Souvenir (15/11/2012)

Lisant les premières pages de "14" de Jean Echenoz, où il évoque la distribution des uniformes, me revient subitement un souvenir anodin, de ce genre de souvenir sans importance mais pourquoi s'en souvient-on ? Mystère ! J'ai porté dans ma petite enfance une pèlerine taillée dans une ancienne capote militaire ayant appartenu à mon père. J'ai eu sur le dos, pendant quelques années, un peu de tissu rescapé de la grande guerre, de la boue des tranchées et des éclats d'obus. C'était un tissu très serré, drap de laine un peu raide, qui protégeait bien du froid, mais long à sécher après la pluie ou la neige. Cette petite pèlerine à capuche que je portais sans accorder la moindre importance à son origine en raison de mon âge, taillée et cousue par ma sœur aux doigts d'or, devenue avec le temps comme un lien personnel entre une petite fille en galoches et la première guerre mondiale, dont mon père parlait souvent, pèlerine qui n'existe plus que dans mon fragile souvenir mais par laquelle j'ai effleuré un fragment d'histoire et qui a marqué mon inconscient.
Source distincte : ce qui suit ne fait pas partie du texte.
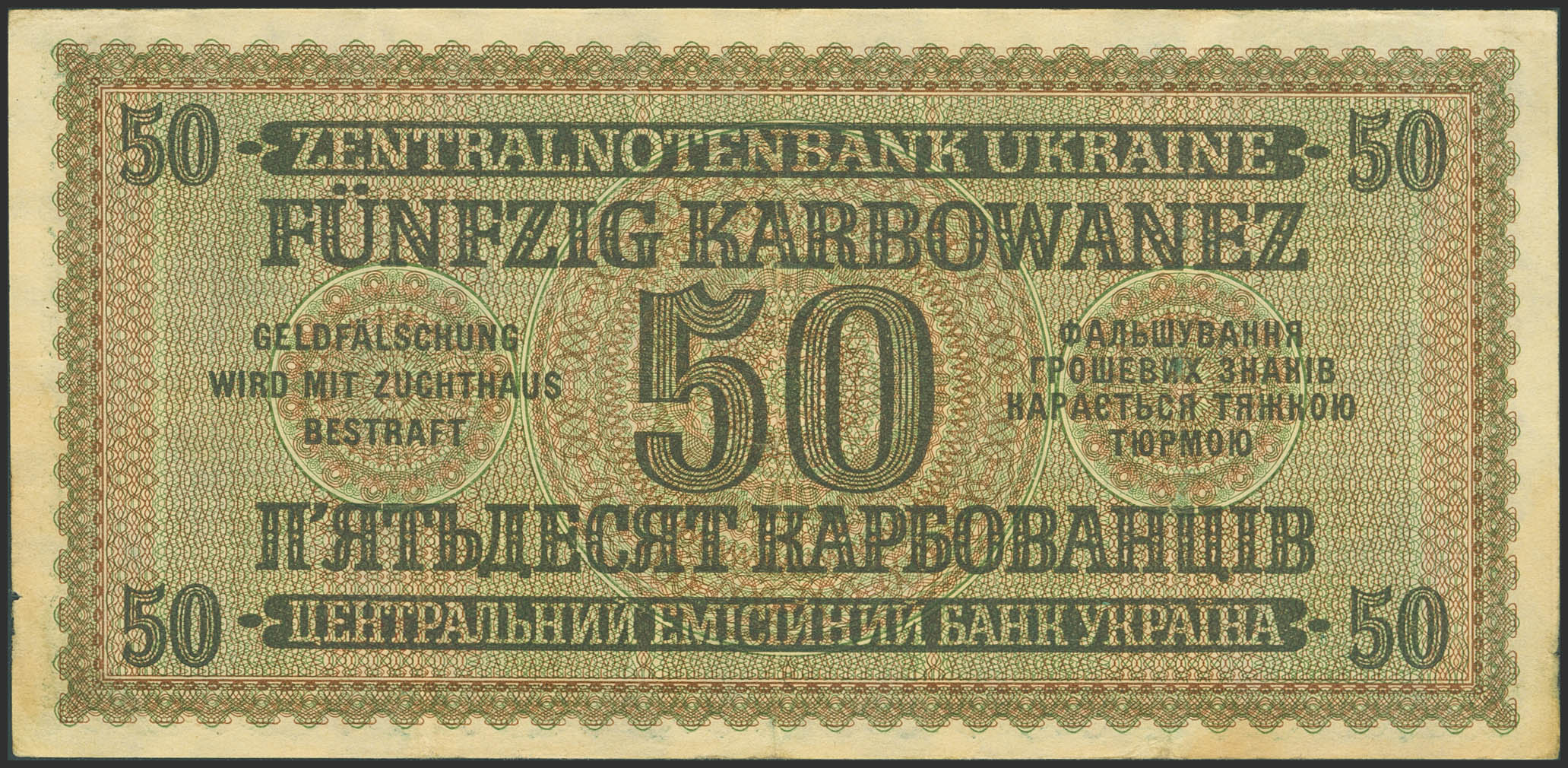 UKRAINE. 50 Karbowanez. March 10, 1942. Central Note Bank. (Pick: 54). Extremely Fine.
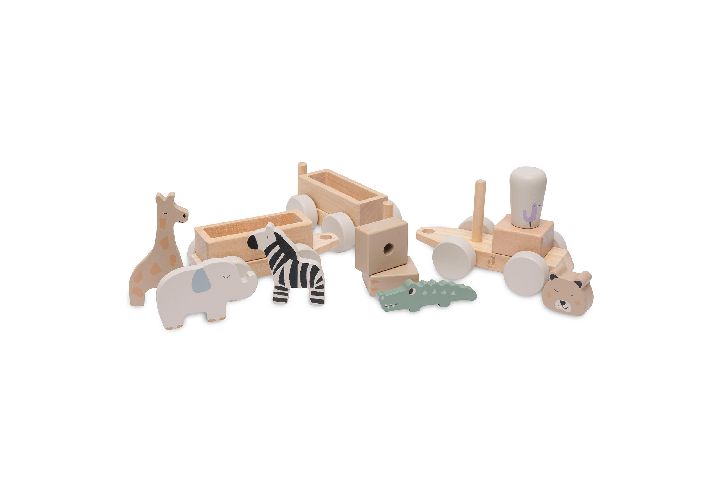 | Inhoud: | 3-delige houten trein met 5 jungle dieren en 4 blokken |

Il y avait sans doute eu les commentaires proférés à voix haute par les adultes, mon père, ma mère, ma sœur si habile couturière, capable de sauver ce qu'il fallait de tissu pour me confectionner un vêtement dans une capote qui, après avoir connu les tranchées, avait encore dû être utilisée par mon père, d'où ses commentaires, et expliquant sans doute la permanence dans ma mémoire de cet épisode insignifiant.